◆ What you are asked to do
Lines from the one containing "16. Queen Maria" through the end of the entries below: set them down exactly, both ends included, with nothing added.

(Dataset items)
--------------------------------------------------

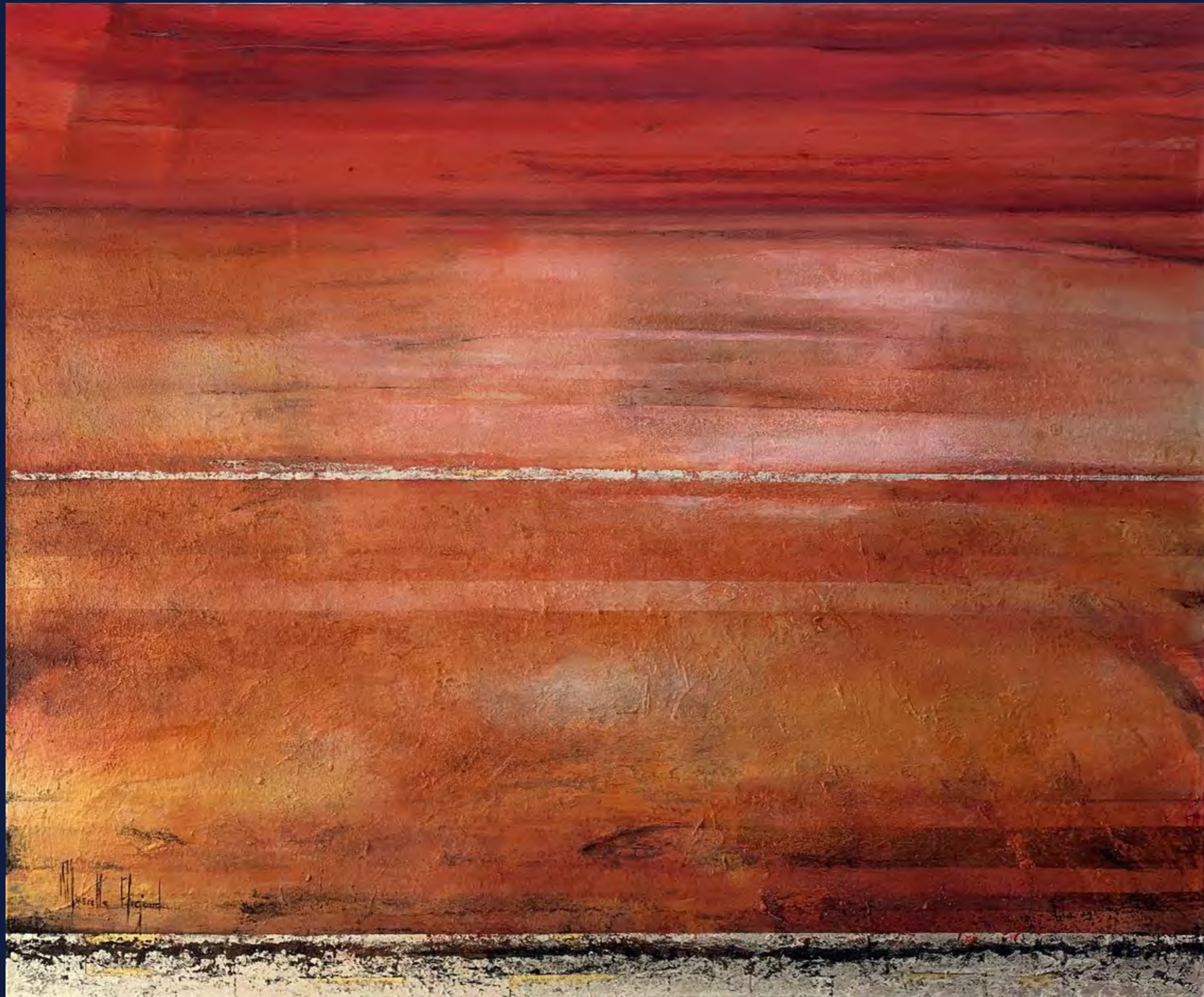
Silent dream (100 x 120cm)
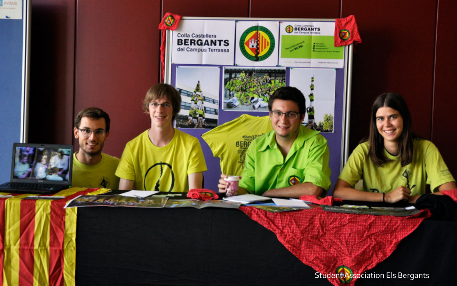
Student Association Els Bergants
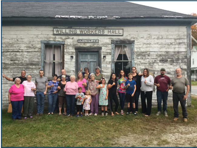
Our “bricks and mortar” grants, funded by individual donations and partnerships with The 1772 Foundation and the Northern Border Regional Commission, helped over 30 community groups and municipalities assess, repair and restore their historic buildings like the Willing Workers Hall in Warren.
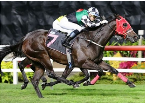
Lord O'Reilly (NZ) (O'Reilly)
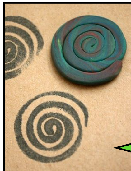
You can print with plasticine! You ink it up with a paintbrush and then press your shape to the paper.
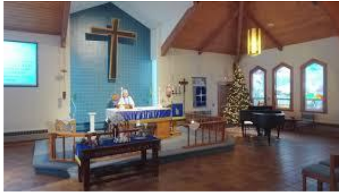
Good Shepherd Lutheran Church
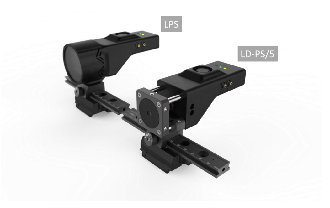
Figure 1:The LPS (using a LED array) and the LD-PS/5 (using a laser diode).
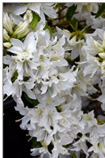
Cascade Azalea flowers
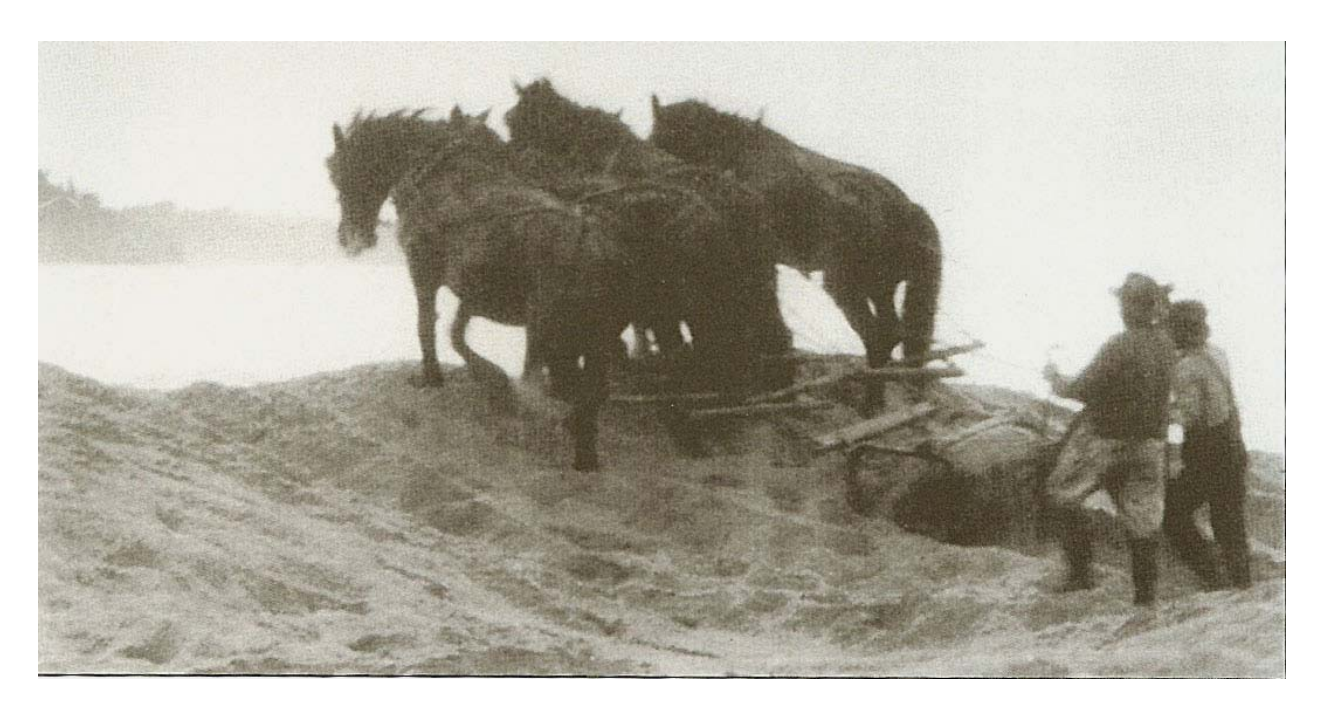
In this c. 1900 photograph, a four-horse team is dragging a scoop, used to create a low spot, so the river mouth would open, decreasing the water level of the lagoon and surrounding farmland. As the land was subdivided and houses began to encroach on the wetlands, it was not unusual to see men take out their shovels and dig a ditch to start the river flowing out, preventing their homes from flooding. (Monterey Public Library Collection.) - Adapted from a new pictorial history book <u>Images of America - Carmel by the Sea</u> by Monica Hudson.

Normally, the nexus for taking action to manage the beach during the winter is the threat of flooding in low-lying area around the lagoon. When the river begins flowing into the lagoon each fall or early winter, the lagoon rises and would, under natural conditions, keep rising until it overtops the barrier beach and creates an outlet channel through the beach. If this process were allowed to occur naturally, the low-lying residential neighborhood to the north of the lagoon would likely be flooded. Historically, the cut for the lagoon outlet has been located on the southern end of the barrier beach, near rocky outcrops. The resultant outflow from the lagoon often cuts a large, nearly straight channel in the barrier beach (a breach) that is low enough to cause the lagoon to drain to a level that significantly reduces or completely eliminates habitat for steelhead and other aquatic species.
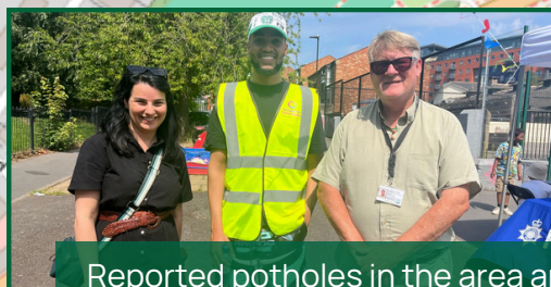
Reported potholes in the area and put pressure on Amey to do repairs

Maleiki says: "I work with tenants, visiting homes and following up concerns when families struggle to navigate the system."
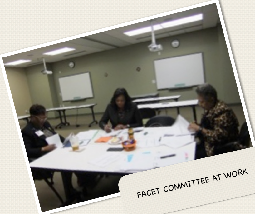
FACET COMMITTEE AT WORK

THE HEALTH AND HUMAN SERVICES FACET HAS BEEN VERY BUSY MEETING AND PLANNING THE KICKOFF OF THE CHAPTER'S UMBRELLA PROGRAMMING INITIATIVE-- CHILDHOOD OBESITY PREVENTION. ALL FACETS WILL PARTICIPATE. EACH CHAIR OF THE FACET WILL SUBMITTED PLAN TO IMPLEMENT THAT FACET'S PORTION OF THE INITIATIVE. THE KICKOFF DATE IS PLANNED JANUARY 2012. THIS WILL BE AN ON-GOING PROJECT. PLANS ARE TO PARTNER WITH THE COMMUNITY WITH THIS INITIATIVE.
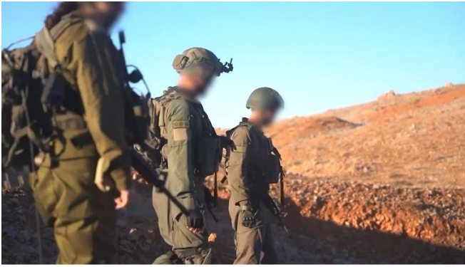
IDF forces in Syria

Last month, several Druze factions announced the creation of the “National Guard,” a new military body endorsed by senior spiritual leader Sheikh Hikmat al-Hijri. The group is described as representing the Druze community in Sweida.
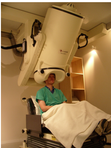
Figure 1.2. A Participant in the Scanner.

When a participant is scanned, the gantry can be moved so as to position the MEG scanner over the participant. The chair on which the participant sits is then raised up so that the participants head rests inside the helmet of the scanner (see Figure 1.2 and Figure 1.3)
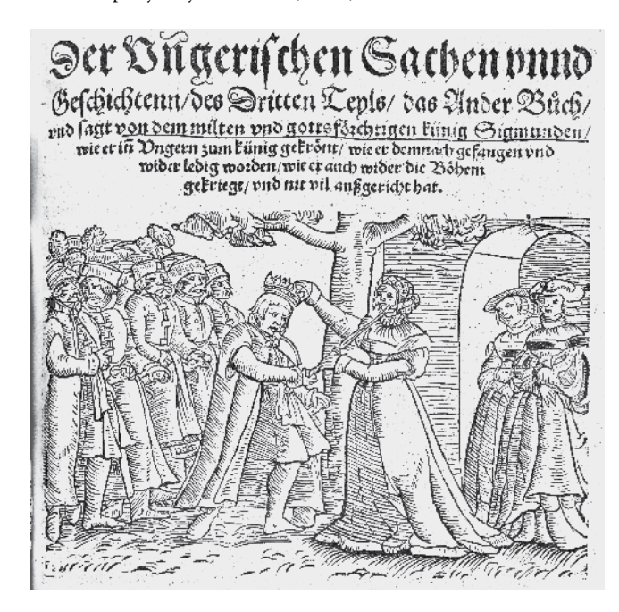
16. Queen Maria offers the royal insignia to King Sigismund, Bonfini, Des aller mechtigsten Künigreichs inn Ungern warhafftige Chronick und Anzeigung, Basel, 1545, Budapest, National Széchényi Library, App. H. 1734

Kraljica Marija pruža kraljevske insignije kralju Sigismundu, Bonfini , Des aller mechtigsten Künigreichs inn Ungern warhafftige Chronick und Anzeigung, Basel , 1545., Budimpešta , Nacionalna knjižnica Széchényi , App. H. 1734

--------------------------------------------------

◆ The completed task
16. Queen Maria offers the royal insignia to King Sigismund, Bonfini, Des aller mechtigsten Künigreichs inn Ungern warhafftige Chronick und Anzeigung, Basel, 1545, Budapest, National Széchényi Library, App. H. 1734

Kraljica Marija pruža kraljevske insignije kralju Sigismundu, Bonfini , Des aller mechtigsten Künigreichs inn Ungern warhafftige Chronick und Anzeigung, Basel , 1545., Budimpešta , Nacionalna knjižnica Széchényi , App. H. 1734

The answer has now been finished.